Тата вздрогнула, и вся внутренне съежилась — я физически это почувствовал. И, разумеется, тотчас пожалел о своих словах. Просто она выглядела такой спокойной, что я забыл, кого мы обсуждаем.
— Извини, не сдержался. Но все-таки, согласись, одно другому не мешает, скорее, наоборот.
— Как не согласиться ты ведь меня цитируешь. Я это давно говорила. Половой акт — своего рода агрессия. Со стороны мужчины, во всяком случае. А разные глупости вроде любви и нежности скорее создают лишние трудности. Не обязательно, конечно, но… И мне кажется, что секс в чистом, незамутненном виде возможен только с проституткой.
— Не совсем так. Впрочем, не будем вдаваться в подробности.
— Но в общем и целом я права?
— Скорее да, чем нет.
— Тогда сделай вывод, влюбился Иван или…?
— Ясно. Понял, что ты хочешь сказать, и пожалуй, все верно. Только на определенном этапе страстное влечение и любовь — синонимы. Для мужчины уж точно, но и для женщины, по-моему, тоже.
— Конечно, но потом-то, потомстановятся важны человеческие отношения! Родство душ, извините за высокий стиль! Общие взгляды, воспитание, интересы. А Иван, помнится, сокрушался, что его Лео, кроме всего прочего, фашистка до мозга костей. По ее мнению, слабым и больным под солнцем не место. Выживает сильнейший.

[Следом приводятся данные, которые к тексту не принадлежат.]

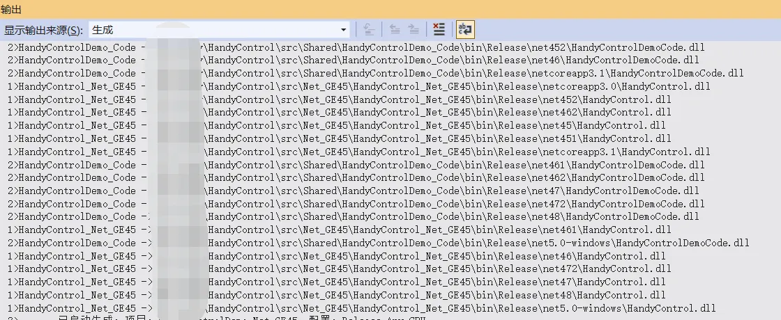 至此,源码编译就算完成了,剩下的就是依据依据当前项目目标版本引用对应的HandyControl.dll版本

— Тогда она скорее дарвинистка.
— Смейся, смейся. Но я их вместе не представляю. Короче. Если ты не против, давай все-таки съездим к бабке. Я не очень-то в это верю, особенно в свете последних событий, но и отрицать полностью пока не могу, а потому хочу попробовать. По крайней мере, буду знать, что сделала для Ивана все, что в моих силах.
Мог ли я отказать? Мы договорились о поездке.

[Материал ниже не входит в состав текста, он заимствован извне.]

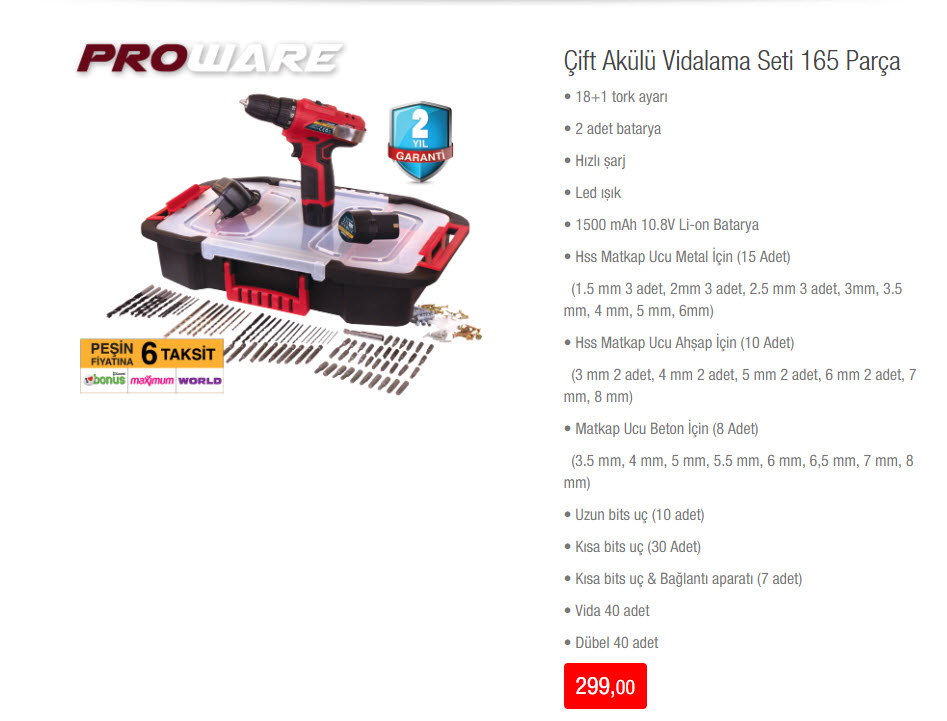 Çift Akülü Vidalama Seti 165 Parça

Прощаясь с ней в дверях, я позволил себе чуть дольше обычного задержаться губами на ее щеке. Отчего испытал такое, что неожиданно поймал себя на мысли: «А вдруг она меня тоже приворожила?»
В моем влечении к ней было что-то поистине сатанинское.
Глава одиннадцатая
АЛЕКСАНДРА
Нет, эта семейка меня точно доконать решила. Один по ночам вваливается, другая будит ни свет ни заря. И каждый умудряется чем-нибудь огорошить.
Я, как услышала, что Иван от Татки сбежал, прямо остолбенела. Вот, думаю, черт! Сработал все ж таки трин Юпитера! И баба Нюра не перешибла. Еще ни разу на моей памяти такого не было. Видно, девица за него не на жизнь, а на смерть бороться взялась. Хотя и без меня не обошлось: в первый раз, когда Иван ко мне заявился и мы карту его смотрели, я сдуру брякнула, что, дескать, в марте светит тебе настоящая любовь. А с другой стороны, что такого? Я как акын: что вижу, о том пою, да и не думала тогда о последствиях своих слов, а пересказывала, что в карте написано. А у него там с середины марта не то чтобы действительно любовь, нет, трин Юпитер-Солнце, на котором вылезают амбиции, высокомерие, тщеславие, возникает ощущение всемогущества и полной безнаказанности. Человеку кажется, что он не просто Господь Бог, а куда больше и выше. У мужиков, естественно, пропирает весь их… Юпитер. И тут уж какая баба подвернется, та и будет настоящая любовь.